TRY IT
Only the lines below from the one that contains "Commemorative, golden 'Buntmetall'-based" through the one that contains "Nillkin hat die" should appear in your answer, exact and without pictures.

::: DATA FOR THE TASK

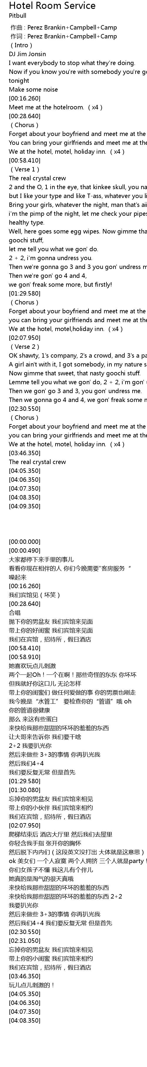 | [00:33.460] | You can bring your girlfriends and meet me at the hotelroom. x2 |
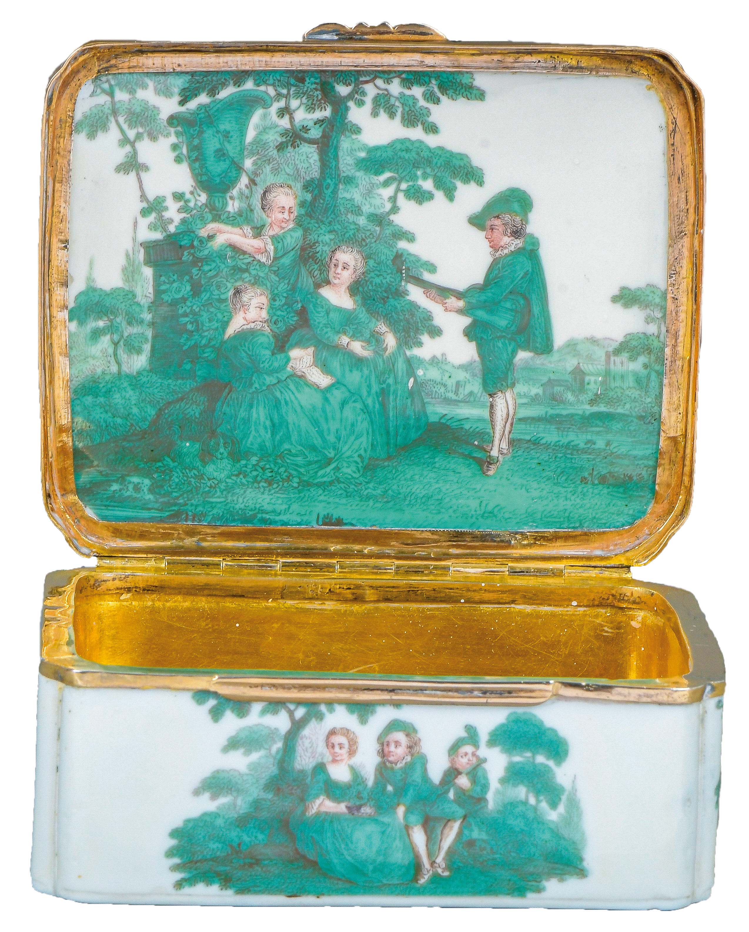 Meissen 1745-50 Rechteckig, mit nach oben zu öffnendem Deckel, verbunden durch vergoldete Montur. Außenflächen und Innendeckel kupfergrün bemalt mit Watteauszenen, Gesichter und Arme fleischfarben bemalt, Innenboden gold gehöht. Porzellan, ohne Marke. Vgl. Barbara Beaucamp-Markowsky, S. 128, Nr. 97 (für das Modell) und S. 94, Nr. 65 (für die Malerei). H=3,8 cm, B=8,7 cm, T=7,3 cm € 4.000,- - Katalog-Nr: 38Tabatière
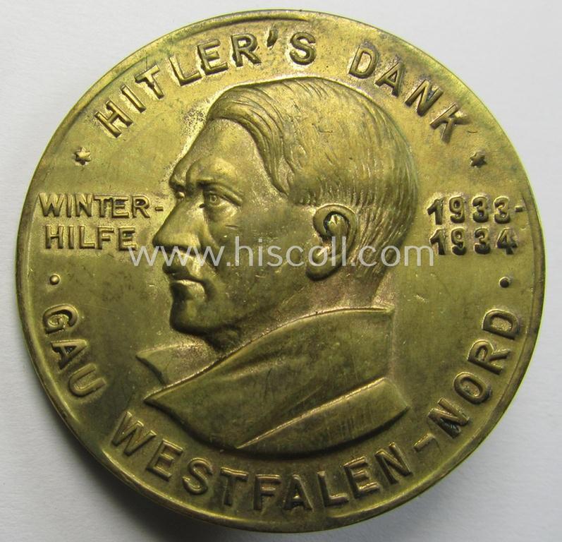 Commemorative, golden 'Buntmetall'-based N.S.D.A.P.- (ie. WHW-) related 'tinnie' being a maker- (ie. 'Paulmann u. Crone'-) marked example depicting Adolf Hitler and showing the text: 'Hitler's Dank - Winterhilfe 1933-1934 - Gau Westfalen-Nord...
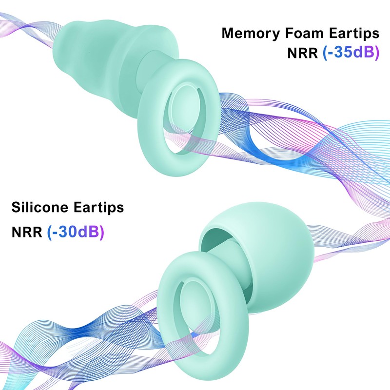 Dual Options for Every Scenario: Our ear plugs for sleep come with both 30dB silicone tips and 35dB memory foam tips, allowing you to choose the perfect level of noise reduction based on your environment and personal preference.
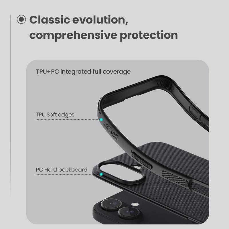 Nillkin hat die neue, leistungsstärkere Pro-Version der Super Frosted Shield Hülle für Ihr wertvolles iPhone 16 entwickelt. Ultimativer Fallschutz, dank Dual-Layer-Design - PC-Rückseite mit TPU-Rahmen.
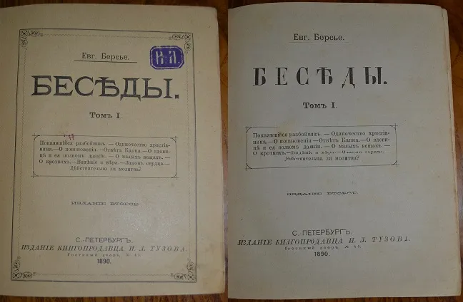Полный перевод на русский язык бесед реформаторского проповедника Евгения (Эжена) Берсье, вышедший в знаменитом книгоиздательстве И.Тузова!
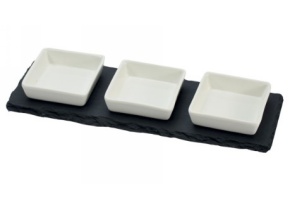SET 1 VASSOIO RETT.ARDESIA+3 VASCH.CERAMICA NERO/BIANCO
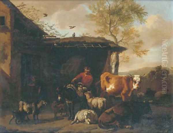 Bring the timeless beauty of Dirk van Bergen's A rustic by a barn with his donkey and other animals into your home with a handmade oil painting reproduction. Carefully recreated on canvas by skilled artists using traditional techniques, this piece captures the delicate brushwork, subtle light, and vibrant color of the original masterpiece. With museum-level quality and rich texture, it brings elegance and artistic depth to any space. Enjoy free shipping and make this masterpiece a part of your personal collection.
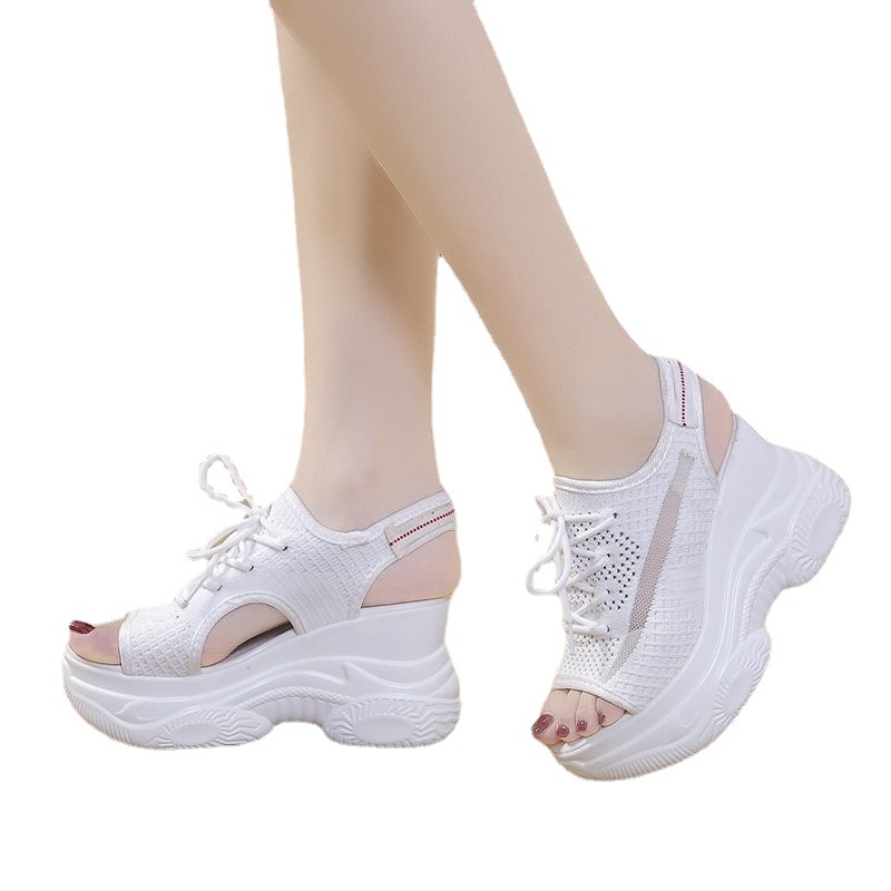 Босоножки на танкетке женские летние Новые дышащие сетчатые сандалии на толстой подошве на шнуровке с рыбьим ртом, повседневные спортивные сандалии, оптовая продажа

::::::

WRITTEN ANSWER
 Commemorative, golden 'Buntmetall'-based N.S.D.A.P.- (ie. WHW-) related 'tinnie' being a maker- (ie. 'Paulmann u. Crone'-) marked example depicting Adolf Hitler and showing the text: 'Hitler's Dank - Winterhilfe 1933-1934 - Gau Westfalen-Nord...
 Dual Options for Every Scenario: Our ear plugs for sleep come with both 30dB silicone tips and 35dB memory foam tips, allowing you to choose the perfect level of noise reduction based on your environment and personal preference.
 Nillkin hat die neue, leistungsstärkere Pro-Version der Super Frosted Shield Hülle für Ihr wertvolles iPhone 16 entwickelt. Ultimativer Fallschutz, dank Dual-Layer-Design - PC-Rückseite mit TPU-Rahmen.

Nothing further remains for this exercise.